Master Escipo handed Satheraan back with a sharp-edged smile, and the Crows turned her out in the street.
The neighborhood wouldn't have her back. She tried taking odd jobs that she could still do while sitting and watching Satheraan, but they barely paid enough and inevitably turned her out when they learned about the Crows. The Crows were always watching, in Antiva, and it was best to stay beneath their notice. Nehna hadn't, and now they would make her pay for it.
Eventually there were no more odd jobs. She turned to begging. It didn't pay enough for consistent food, and every ten days a Crow would come and take whatever money she hadn't spent yet.
Nehna spent an entire day down at the docks trying to convince herself to ask for work for passage, but knew that no one would take a woman with a baby. Then she tried to convince herself to stow away.
She knew that the Crows would find her again, wherever she went, assuming that she was even allowed to get near a gangplank. Even if they didn't live up to their reputation, she would still be as good as dead- a young elvhen woman traveling alone with a baby was slaver bait for Tevinter.

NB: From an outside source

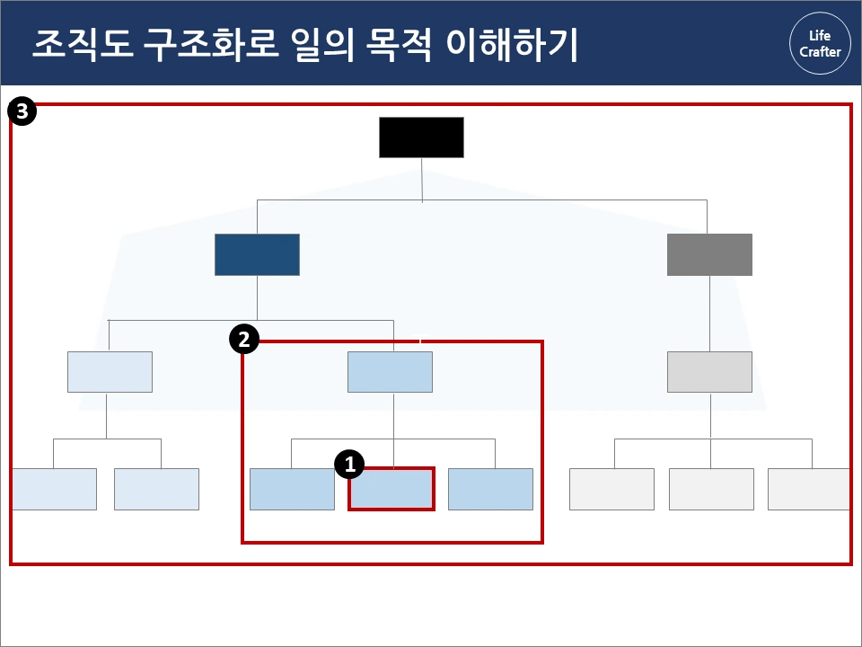 조직도로 일의 목적을 이해하려면, 일의 크기를 파악하는 구조화 기술(클릭)을 적용해볼 수 있습니다. 먼저 나와 다른 팀원들이 하는 일을 구조화하면 팀이 담당하는 일의 크기를 가늠해볼 수 있습니다. 다음으로 다른 팀들의 일을 구조화하여 부서가 맡고 있는 일의 크기를 짐작할 수 있겠죠. 연차가 쌓이고 익숙해지면 구조화를 통해 전체 조직이 담당하는 일의 규모를 파악할 수 있습니다.
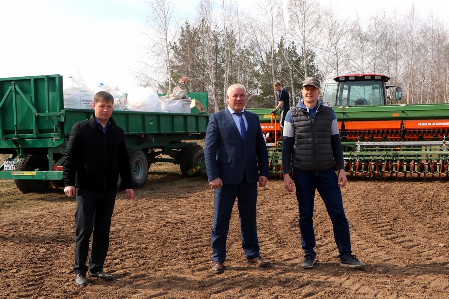 Глава Чебоксарского муниципального округа Николай Хорасев совместно с начальником отдела сельского хозяйства и экологии Алексеем Ивановым ознакомился с ходом весенней посевной кампании.

Night fell over the sea, and when the brothel recruiter for the Summer Lily dropped a whole gold piece in her begging bowl and asked if a pretty Dalish woman like herself wouldn't object to making at least this much every night, she listened to him. She thought of the good it would do Satheraan to have steady food and someplace indoors. She thought about how even the money she'd make whoring wouldn't ever be enough to pay off the Crows, but it was the most money she would make, and how living in the semblance of false hope would be better than the lingering, soul-warping despair she had on the streets.
She accepted and felt every Dalish who'd ever live exile her from The People permanently.